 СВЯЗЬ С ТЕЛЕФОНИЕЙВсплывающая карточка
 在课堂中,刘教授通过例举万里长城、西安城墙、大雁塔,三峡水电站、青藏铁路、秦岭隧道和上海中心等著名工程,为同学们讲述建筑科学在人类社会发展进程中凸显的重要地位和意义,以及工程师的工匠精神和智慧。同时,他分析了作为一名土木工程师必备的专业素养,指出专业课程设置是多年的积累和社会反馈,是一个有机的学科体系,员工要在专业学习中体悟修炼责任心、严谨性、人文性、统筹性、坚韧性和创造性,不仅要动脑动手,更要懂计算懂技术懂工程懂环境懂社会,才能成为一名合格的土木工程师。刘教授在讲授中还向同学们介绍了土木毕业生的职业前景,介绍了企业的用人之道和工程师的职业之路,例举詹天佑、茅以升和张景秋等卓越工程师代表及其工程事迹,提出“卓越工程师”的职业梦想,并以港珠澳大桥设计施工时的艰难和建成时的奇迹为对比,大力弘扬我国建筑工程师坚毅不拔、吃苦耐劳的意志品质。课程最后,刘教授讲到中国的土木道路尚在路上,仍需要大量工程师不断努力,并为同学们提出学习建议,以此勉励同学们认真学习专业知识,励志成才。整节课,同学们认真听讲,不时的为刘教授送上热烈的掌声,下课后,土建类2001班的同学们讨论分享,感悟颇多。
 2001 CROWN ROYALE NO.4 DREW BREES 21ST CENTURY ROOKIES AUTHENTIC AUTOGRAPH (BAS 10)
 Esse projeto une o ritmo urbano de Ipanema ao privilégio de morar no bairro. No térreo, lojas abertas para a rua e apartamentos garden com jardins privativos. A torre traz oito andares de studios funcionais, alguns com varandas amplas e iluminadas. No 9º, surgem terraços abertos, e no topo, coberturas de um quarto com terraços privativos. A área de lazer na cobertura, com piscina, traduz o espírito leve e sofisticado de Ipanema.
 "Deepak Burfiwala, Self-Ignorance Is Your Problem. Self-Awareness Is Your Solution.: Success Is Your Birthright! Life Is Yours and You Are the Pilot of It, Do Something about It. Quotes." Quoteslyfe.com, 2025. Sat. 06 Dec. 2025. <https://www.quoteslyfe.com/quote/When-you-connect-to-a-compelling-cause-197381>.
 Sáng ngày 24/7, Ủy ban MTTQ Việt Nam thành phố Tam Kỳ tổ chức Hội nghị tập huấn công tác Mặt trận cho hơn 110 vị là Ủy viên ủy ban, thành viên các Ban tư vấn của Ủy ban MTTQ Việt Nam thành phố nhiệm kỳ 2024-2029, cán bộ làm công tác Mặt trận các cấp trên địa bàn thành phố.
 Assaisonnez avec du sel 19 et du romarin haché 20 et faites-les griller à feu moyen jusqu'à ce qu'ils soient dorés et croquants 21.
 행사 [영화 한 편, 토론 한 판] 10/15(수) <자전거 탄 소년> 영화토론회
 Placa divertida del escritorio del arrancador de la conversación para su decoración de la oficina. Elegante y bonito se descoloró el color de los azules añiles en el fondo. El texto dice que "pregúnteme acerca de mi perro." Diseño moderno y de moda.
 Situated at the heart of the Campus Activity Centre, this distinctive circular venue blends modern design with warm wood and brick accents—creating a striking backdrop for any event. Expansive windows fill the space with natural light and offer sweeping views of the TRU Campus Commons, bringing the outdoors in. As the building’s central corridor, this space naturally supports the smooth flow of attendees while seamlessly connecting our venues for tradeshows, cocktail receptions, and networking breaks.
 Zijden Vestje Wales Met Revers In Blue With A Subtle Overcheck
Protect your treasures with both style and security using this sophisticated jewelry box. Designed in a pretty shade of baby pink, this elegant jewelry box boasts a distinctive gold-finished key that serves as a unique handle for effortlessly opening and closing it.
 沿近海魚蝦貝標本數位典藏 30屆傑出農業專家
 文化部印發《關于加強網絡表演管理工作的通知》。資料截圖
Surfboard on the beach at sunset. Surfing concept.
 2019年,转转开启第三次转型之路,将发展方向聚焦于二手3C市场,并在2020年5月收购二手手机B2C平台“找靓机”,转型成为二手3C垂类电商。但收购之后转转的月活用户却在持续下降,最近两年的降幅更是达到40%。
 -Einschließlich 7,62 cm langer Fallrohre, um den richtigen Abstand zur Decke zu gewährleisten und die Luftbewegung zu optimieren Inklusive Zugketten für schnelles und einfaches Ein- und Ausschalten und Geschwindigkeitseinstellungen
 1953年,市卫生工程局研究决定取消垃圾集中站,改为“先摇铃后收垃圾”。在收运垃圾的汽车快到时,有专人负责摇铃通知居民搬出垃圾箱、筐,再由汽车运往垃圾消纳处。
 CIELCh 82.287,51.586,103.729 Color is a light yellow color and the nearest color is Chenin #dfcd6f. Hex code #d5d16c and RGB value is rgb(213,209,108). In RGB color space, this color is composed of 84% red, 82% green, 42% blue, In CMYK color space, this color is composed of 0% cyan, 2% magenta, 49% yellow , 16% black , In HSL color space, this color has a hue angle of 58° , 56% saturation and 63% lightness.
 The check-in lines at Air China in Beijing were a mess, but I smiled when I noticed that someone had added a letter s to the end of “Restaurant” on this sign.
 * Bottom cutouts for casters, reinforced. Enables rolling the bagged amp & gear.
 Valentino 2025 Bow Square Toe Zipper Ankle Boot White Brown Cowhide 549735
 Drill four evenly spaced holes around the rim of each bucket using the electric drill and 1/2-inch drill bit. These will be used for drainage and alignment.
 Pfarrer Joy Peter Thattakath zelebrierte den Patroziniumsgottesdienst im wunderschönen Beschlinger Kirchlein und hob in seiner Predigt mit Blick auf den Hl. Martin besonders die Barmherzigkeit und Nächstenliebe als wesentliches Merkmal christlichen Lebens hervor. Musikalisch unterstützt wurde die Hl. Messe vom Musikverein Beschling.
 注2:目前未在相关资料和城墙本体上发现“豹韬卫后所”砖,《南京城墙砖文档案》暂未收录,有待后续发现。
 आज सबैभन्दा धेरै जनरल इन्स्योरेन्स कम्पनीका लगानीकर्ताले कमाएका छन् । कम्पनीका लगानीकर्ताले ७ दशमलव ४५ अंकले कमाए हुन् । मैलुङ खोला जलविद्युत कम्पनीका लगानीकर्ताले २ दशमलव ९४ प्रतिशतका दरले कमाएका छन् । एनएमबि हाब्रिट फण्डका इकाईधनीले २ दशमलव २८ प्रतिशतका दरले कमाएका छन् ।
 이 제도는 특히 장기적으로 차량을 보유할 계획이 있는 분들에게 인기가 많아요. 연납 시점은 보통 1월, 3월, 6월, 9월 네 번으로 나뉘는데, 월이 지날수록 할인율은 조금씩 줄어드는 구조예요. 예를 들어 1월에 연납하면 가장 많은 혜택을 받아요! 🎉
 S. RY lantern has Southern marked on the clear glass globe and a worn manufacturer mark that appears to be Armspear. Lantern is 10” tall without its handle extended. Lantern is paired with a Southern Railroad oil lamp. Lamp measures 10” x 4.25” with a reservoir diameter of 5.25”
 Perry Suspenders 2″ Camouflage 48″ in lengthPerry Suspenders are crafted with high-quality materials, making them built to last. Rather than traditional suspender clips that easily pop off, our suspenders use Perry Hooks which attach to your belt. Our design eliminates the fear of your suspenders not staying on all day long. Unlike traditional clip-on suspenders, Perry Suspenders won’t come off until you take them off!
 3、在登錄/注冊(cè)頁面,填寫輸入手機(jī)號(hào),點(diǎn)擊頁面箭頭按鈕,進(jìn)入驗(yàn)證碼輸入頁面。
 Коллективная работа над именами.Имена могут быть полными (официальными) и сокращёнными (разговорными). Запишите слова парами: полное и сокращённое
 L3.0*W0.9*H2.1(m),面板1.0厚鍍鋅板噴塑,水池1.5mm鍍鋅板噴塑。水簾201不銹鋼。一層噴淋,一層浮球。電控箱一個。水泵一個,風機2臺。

──────────────────────────────

### Exercise directions
Check each line of the listing above, and copy it if it contains the word "light".

### Result below
 Situated at the heart of the Campus Activity Centre, this distinctive circular venue blends modern design with warm wood and brick accents—creating a striking backdrop for any event. Expansive windows fill the space with natural light and offer sweeping views of the TRU Campus Commons, bringing the outdoors in. As the building’s central corridor, this space naturally supports the smooth flow of attendees while seamlessly connecting our venues for tradeshows, cocktail receptions, and networking breaks.
 CIELCh 82.287,51.586,103.729 Color is a light yellow color and the nearest color is Chenin #dfcd6f. Hex code #d5d16c and RGB value is rgb(213,209,108). In RGB color space, this color is composed of 84% red, 82% green, 42% blue, In CMYK color space, this color is composed of 0% cyan, 2% magenta, 49% yellow , 16% black , In HSL color space, this color has a hue angle of 58° , 56% saturation and 63% lightness.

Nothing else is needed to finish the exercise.